The campaigns aimed at states without legal sports betting have triggered legal fights nationwide. Polymarket this week followed Kalshi in suing Minnesota after the state approved a ban on prediction markets.

“When it goes into effect in less than two months, Polymarket US will face a credible threat of imminent criminal prosecution—forcing it either to cease lawful and constitutionally protected conduct or risk felony criminal liability,” states the lawsuit. The CFTC also sued Minnesota claiming exclusive jurisdiction over prediction markets.

Both Kalshi and Polymarket hold CFTC licenses. Their regulatory fights run in parallel. Yet the companies show no willingness to assist each other.

Risks and Counterarguments in the Rivalry

The spying and copycat claims carry real risks for both platforms. Public accusations can damage trust with users and partners at a time when regulators already view prediction markets skeptically. If the claims escalate without evidence they could invite closer scrutiny from the very authorities both companies are fighting in court.

On the other side Kalshi’s responses frame the allegations as distractions from actual product building. The counterpoint has merit. Timing coincidences happen in competitive markets especially when both firms target the same underserved states and user behaviors. Dismissing every overlap as espionage risks sounding exactly as Such described it.

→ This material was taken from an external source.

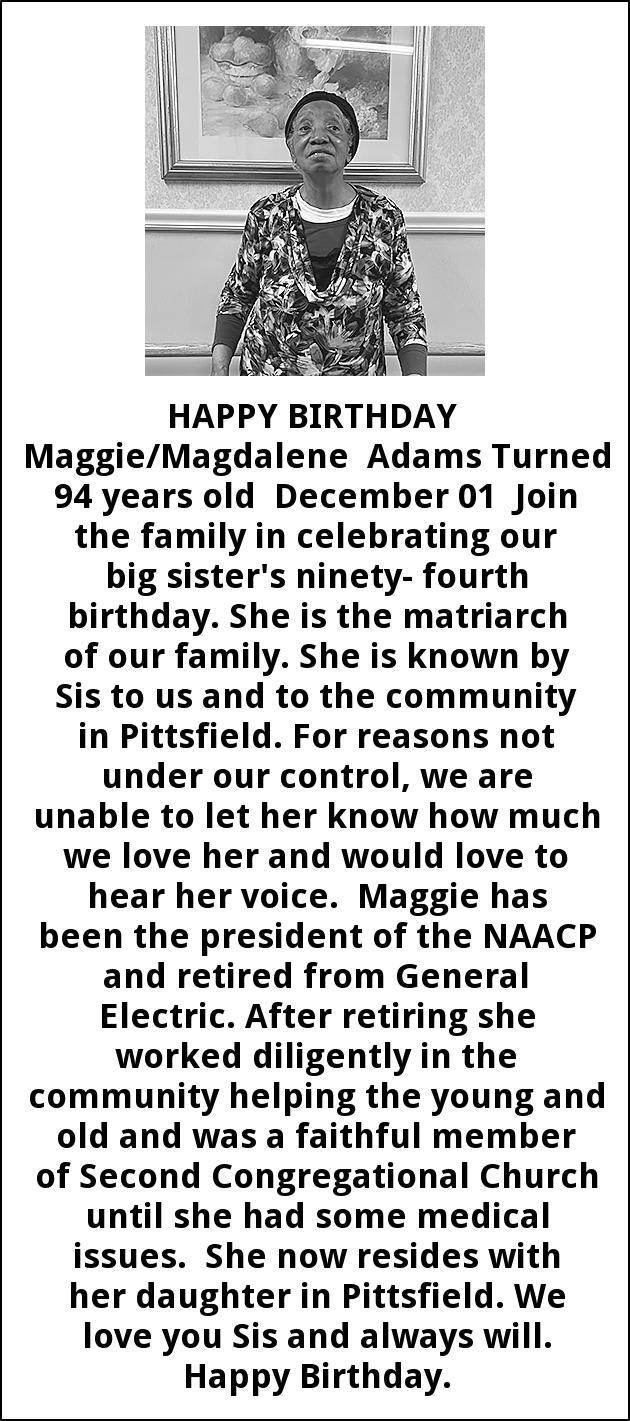 HAPPY BIRTHDAY Maggie/Magdalene Adams Turned 94 years old December 01 Join the family in celebrating our big sister's ninety- fourth birthday. She is the matriarch of our family. She is known by Sis to us and to the community in Pittsfield. For reasons not under our control, we are unable to let her know how much we love her and would love to hear her voice. Maggie has been the president of the NAACP and retired from General Electric. After retiring she worked diligently in the community helping the young and old and was a faithful member of Second Congregational Church until she had some medical issues. She now resides with her daughter in Pittsfield. We love you Sis and always will. Happy Birthday.

From an operator perspective the real limitation is distraction. Eighteen years in the space taught me that energy spent on dossiers rarely moves the P&L. The shared Minnesota fight and CFTC alignment matter more for long-term viability than who announced groceries first.

The Bottom Line

This feud between Polymarket and Kalshi mixes personal rivalry with identical regulatory headwinds in Minnesota and beyond. The dossier and spying claims add color but the real story sits in how both platforms navigate the same legal threats while chasing identical users. Industry executives should watch whether the public sniping weakens their joint regulatory arguments or simply sharpens each company’s execution. The next few months of litigation will test which approach actually wins market share when the bans hit.